11. How should I evaluate OCR accuracy when models read board silkscreen, package logos, or partial markings in addition to the main text?

Evaluate OCR by separating the primary target text from extra text the model also captured. In the thread, some models correctly read the main marking but also added board silkscreen such as RXD and TXD pads, or captured logos like NXP. That behavior is useful if you want richer extraction, but it is an OCR failure if your prompt requires only the main visible text. Score exact target accuracy first, then treat extras as a second metric. [#21894362]
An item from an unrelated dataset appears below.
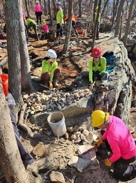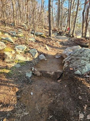 Heading south from the overlook, the trail went over a root mass and then steeply downward before heading steeply up again. Most hikers went around this section through some loose rocks and up the severely eroded trail. On this beautiful weekend, we wanted to change that. We broke into six teams working on small sections of the trail. Four teams built stairs and grade dips. Another team made gravel to fill in around the stairs and the finish team found mineral soil to spread over the gravel to complete the tread.

12. Why might Gemini 2.5 Pro return tags instead of OCR text even when the prompt says to only detect text on the image?

It can happen because vision LLMs sometimes follow image-understanding habits instead of the narrow output format. In the TDA2822M test, Gemini 2.5 Pro unexpectedly listed tags rather than transcribing text, even though the OCR prompt explicitly said "Do not write anything else." That is a format-control failure, not just a recognition mistake. It shows that even strong API models can break instruction fidelity on simple extraction tasks. [#21894362]

13. What practical results have users seen when testing Gemma 4 locally for electronics image tagging and OCR?

The practical result is that Gemma 4 is usable locally for simple OCR and basic electronics tagging, but not yet dependable enough for unsupervised precision work. It read many easy markings, stayed close on some harder chips, and produced solid tags on boards and simulators. It also missed details like LED, misread characters such as I versus 1, and invented tags such as SMD. The author’s conclusion is clear: reliability remains the main weakness, despite useful real-world progress. [#21894362]

14. Which models are most useful for identifying parts like TL431, IRFP460LC, LEDs, microswitches, USB connectors, and remote controls from photos?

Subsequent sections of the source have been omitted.